United States v. Congress of Industrial Organizations
| United States v. Congress of Industrial Organizations | |
|---|---|
| Argued April 28–29, 1948 Decided June 21, 1948 | |
| Full case name | United States v. Congress of Industrial Organizations, et al. |
| Citations | 335 U.S. 106 (more) |
| Case history | |
| Prior | On appeal from the District Court of the United States for the District of Columbia |
| Holding | |
| The labor union's publication of statement urging members to vote for a certain candidate for Congress did not violate the Taft-Hartley Act. | |
| Court membership | |
| |
| Case opinions | |
| Majority | Reed, joined by Vinson, Frankfurter, Jackson, Burton |
| Concurrence | Frankfurter |
| Concurrence | Rutledge, joined by Black, Douglas, Murphy |
| Laws applied | |
| Federal Corrupt Practices Act, Taft-Hartley Act | |
English Wikisource has original text related to this article:
United States v.
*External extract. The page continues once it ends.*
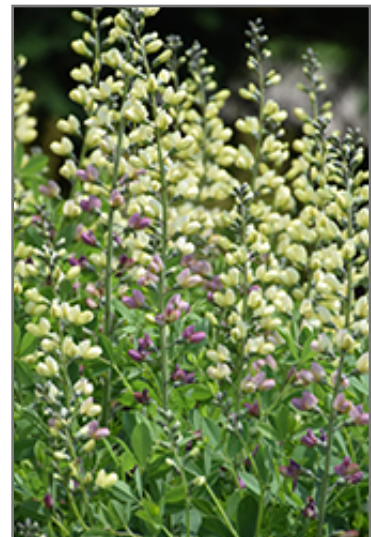
Decadence Deluxe Pink Lemonade False Indigo flowers

Congress of Industrial Organizations, 335 U.S. 106 (1948), is a US labor law decision by the United States Supreme Court, which held that a labor union's publication of a statement that advocated for its members to vote for a certain candidate for Congress did not violate the Federal Corrupt Practices Act, as amended by the 1947 Labor Management Relations Act.